The aftermath of Kermanshah’s earthquake is certainly not going to be much different from what happened in Bam: in a short time, the ministries will abandon the people. They will cope with their wretchedness on their own.

In the 1990s, the Kermanshah province barely survived the destruction from the Iran-Iraq war of the 1980s.
Once more, the population will have to mobilise their ability in finding solutions for the inevitable difficulties, hindered by the government’s petty policies and bureaucracy.

However, there is a changing mood and paradigm. There are reports of billions of tomans being collected by private donators to give to private personalities, to be spent in the area. This is a loud and clear public expression of the vote of no confidence in the corrupt political system and its financial institutions.

Hopefully, next time the Iranians have to elect their president, they will remember this episode. We would love to believe that they would make their own choice and would not blindly follow another clown chosen by the Supreme Leader and the nepotist system, whistling all the way to the ballot boxes and chanting: Yes to the Leader! Labeik be Rahbarm.

The Iranians are somewhat known for their ability to circumvent and adjust to the hardships created by their authorities’ policies.
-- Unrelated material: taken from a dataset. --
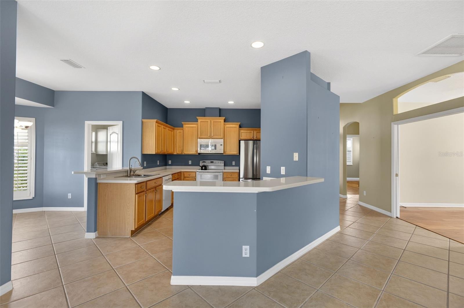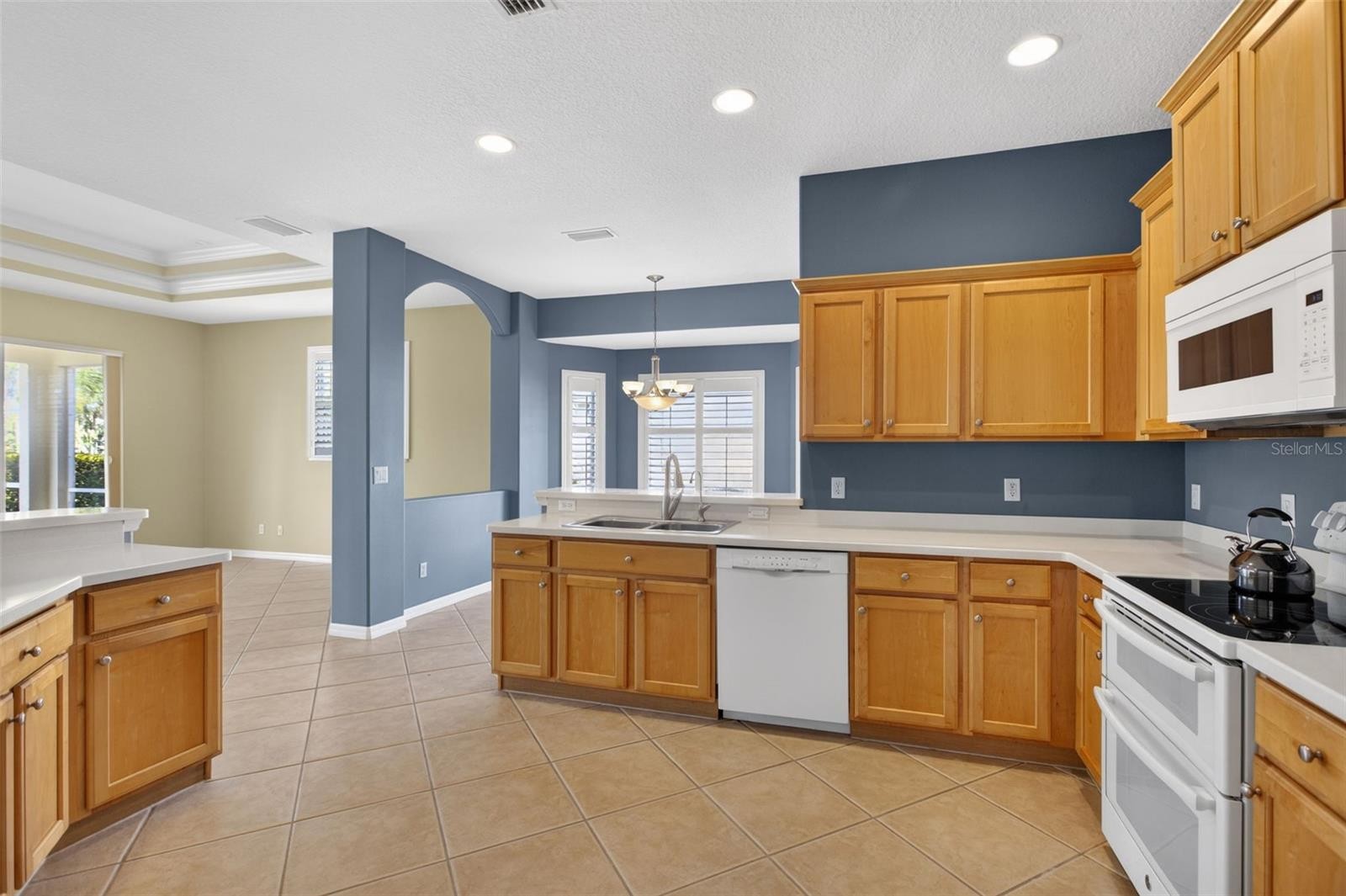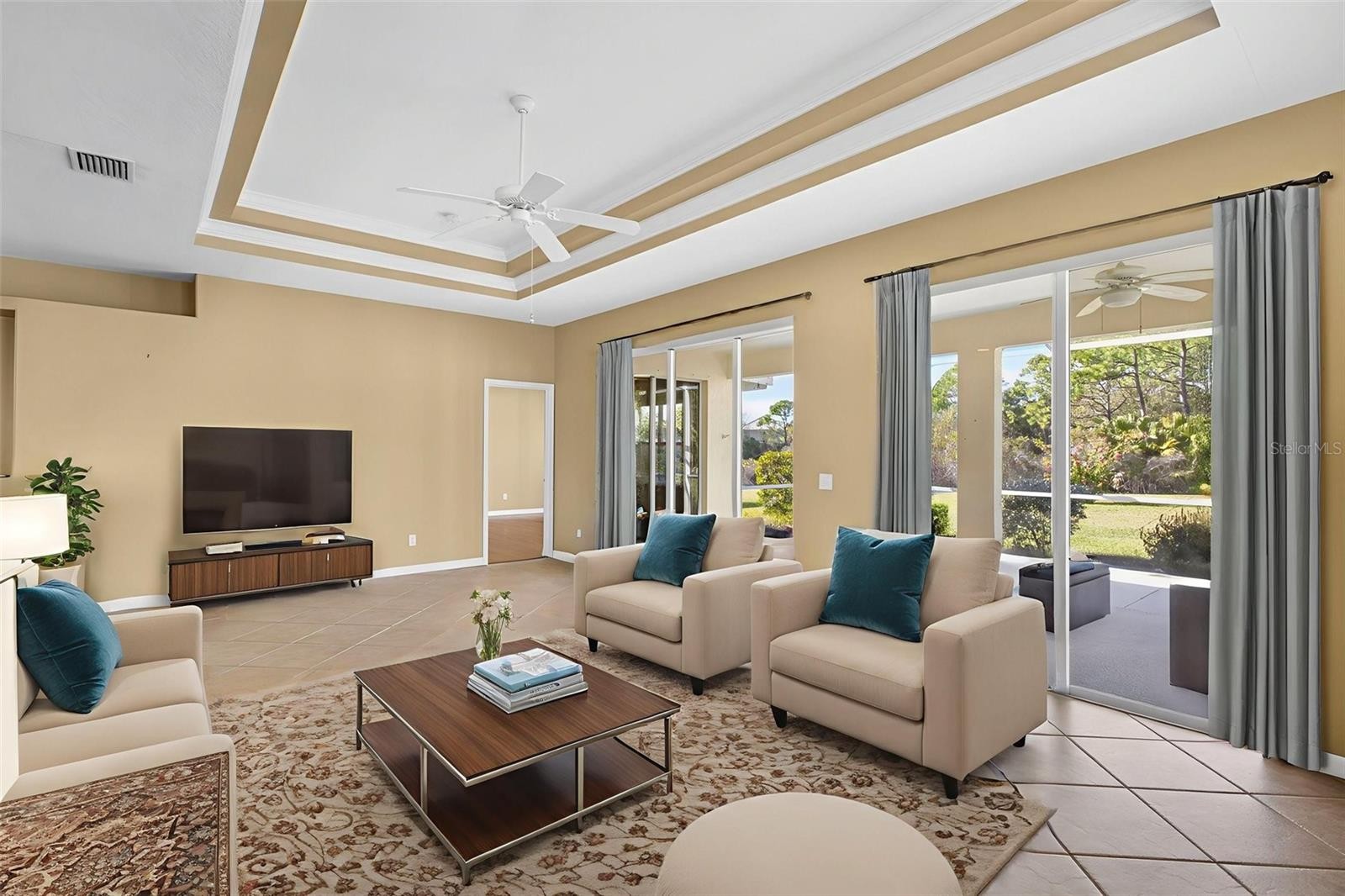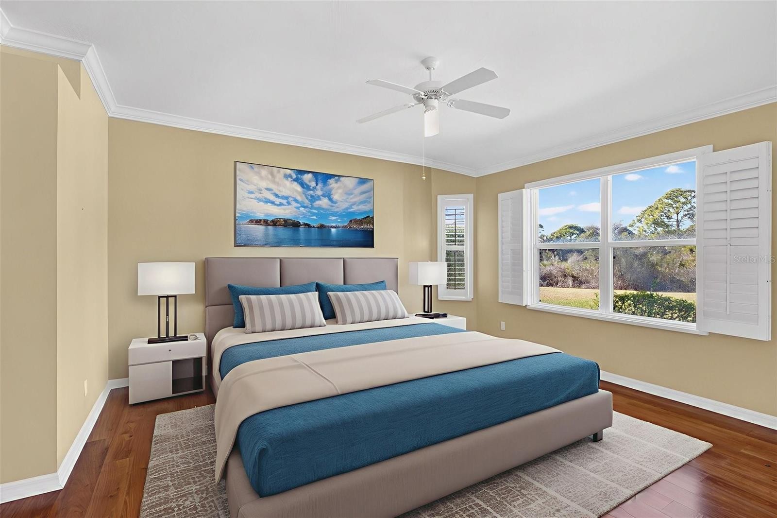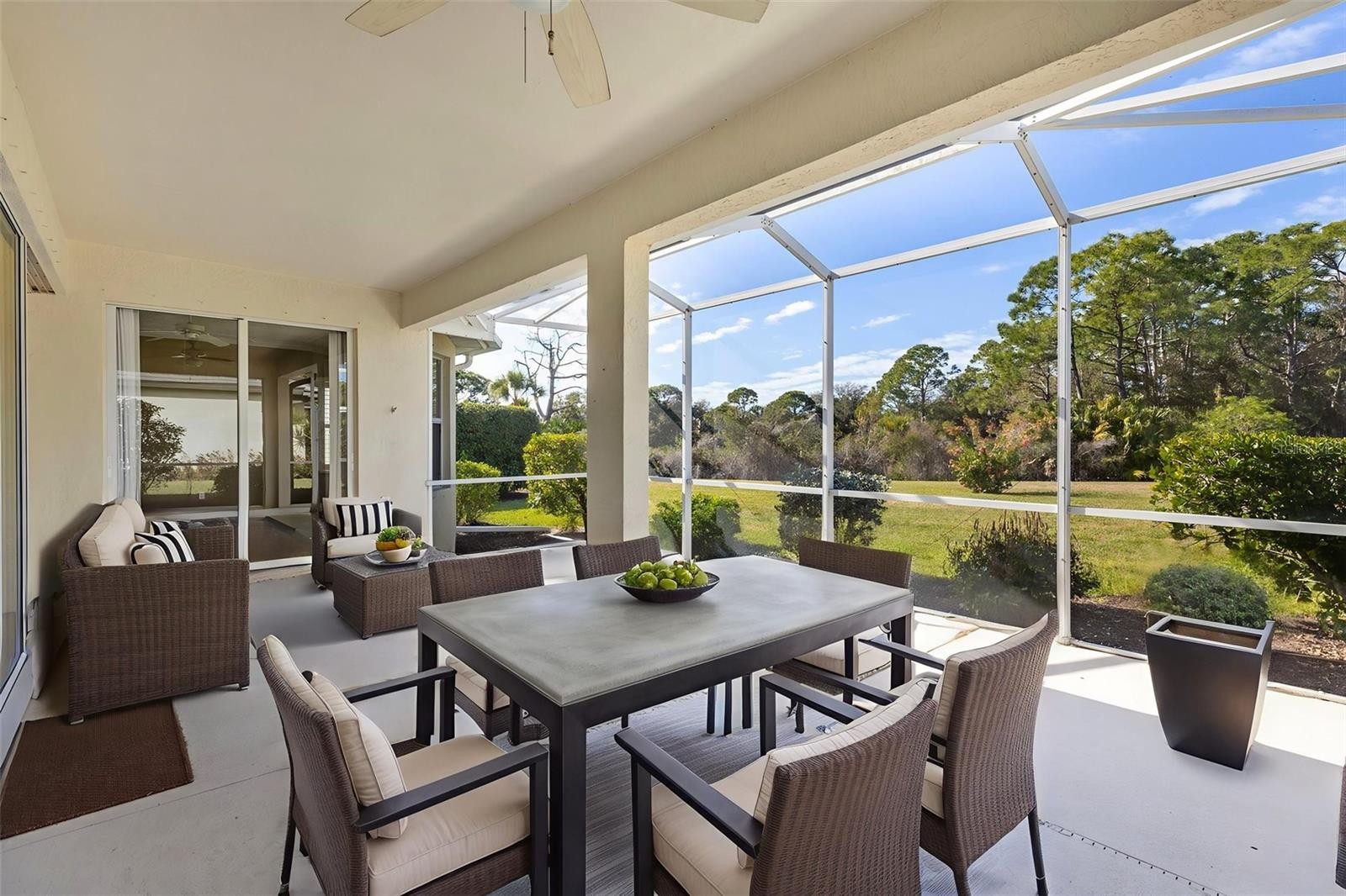 A rare, light-filled, meticulously-maintained tranquil sanctuary with an estate-sized .28-Acre Zone X Preserve- backed lot in the coveted The Woodlands at Rivendell! Maintenance-free Living, Low HOA Fees, and No Required Flood Insurance saves you thousands yearly. Newly Priced at $529,900 Elegance, privacy, and peace of mind come together effortlessly as you enter this amazing 400-acre community of lakes, preserves, and walking trails, that provide residents a peaceful, park-like setting just minutes from everything. From the moment you step inside, sunlight pours through 15-foot sliding glass doors, connecting the refined interior to a large covered lanai and lush natural vistas. Double tray ceilings, crown molding, custom plantation shutters, and rich cherry hardwoods create a refined atmosphere. The flexible home office features dual pocket doors, easily serving as a nursery or third bedroom. The open floor plan enhances both everyday living and entertaining, with expansive sightlines that keep nature's views front and center. The kitchen offers generous Corian countertops, abundant cabinetry, two breakfast bars, and newer quality appliances — all complemented by a reverse-osmosis drinking water system. A bright dining-area bump-out bathes the kitchen and living spaces in natural light throughout the day. The primary suite is a peaceful retreat, featuring a sunlit bay-window bump-out, private sliding-door access to the lanai, and two walk-in closets. The spa-inspired ensuite bath includes a large walk-in shower, a soaking tub, and a dual-sink vanity designed for both comfort and function. The guest bedroom is equally inviting with its own bay windows, ample closet space, and a full bath conveniently located just outside the door. Exceptional Infrastructure & Reliability: HVAC (2022): High-efficiency with UV air purification. Water Heater (2023): Dual-element electric for rapid heating. Kinetico System: Whole-home softening, carbon filtration, and UV treatment for "bottle-quality" water from every tap. Outdoor living is both serene and cost-efficient. The oversized lawn is supported by a private irrigation well with a new six-zone controller that will save you thousands every year in water bills, while affordable professional landscaping is included through an HOA. The over-sized 2-car garage adds practical flexibility with built-in storage, a utility sink, and a second refrigerator/freezer. Ideally positioned between the hustle and bustle of Sarasota and Venice, Rivendell in Osprey is next door to Florida’s #1-ranked Pine View School, the Legacy Trail, and Gulf beaches. Offering brilliant morning sun, dazzling sunset views over the preserve, and a sense of calm that’s increasingly hard to find, this move-in ready sanctuary is ready for its next chapter.

A little change in the political paradigm might reduce their ability to adjust passively and let their potential to act positively increase.
Would they be able to ask for their rights with self-confidence and in defiance of the government’s mismanagement and corruption?

An adjective is associated with Kermanshahis and their neighbours: غیور, meaning hardy, mettlesome.
Let’s hope the word keeps its promises.

Kermanshah, Earthquake
Kermanshah: تف به گور مصیبت . Spit on disaster’s grave.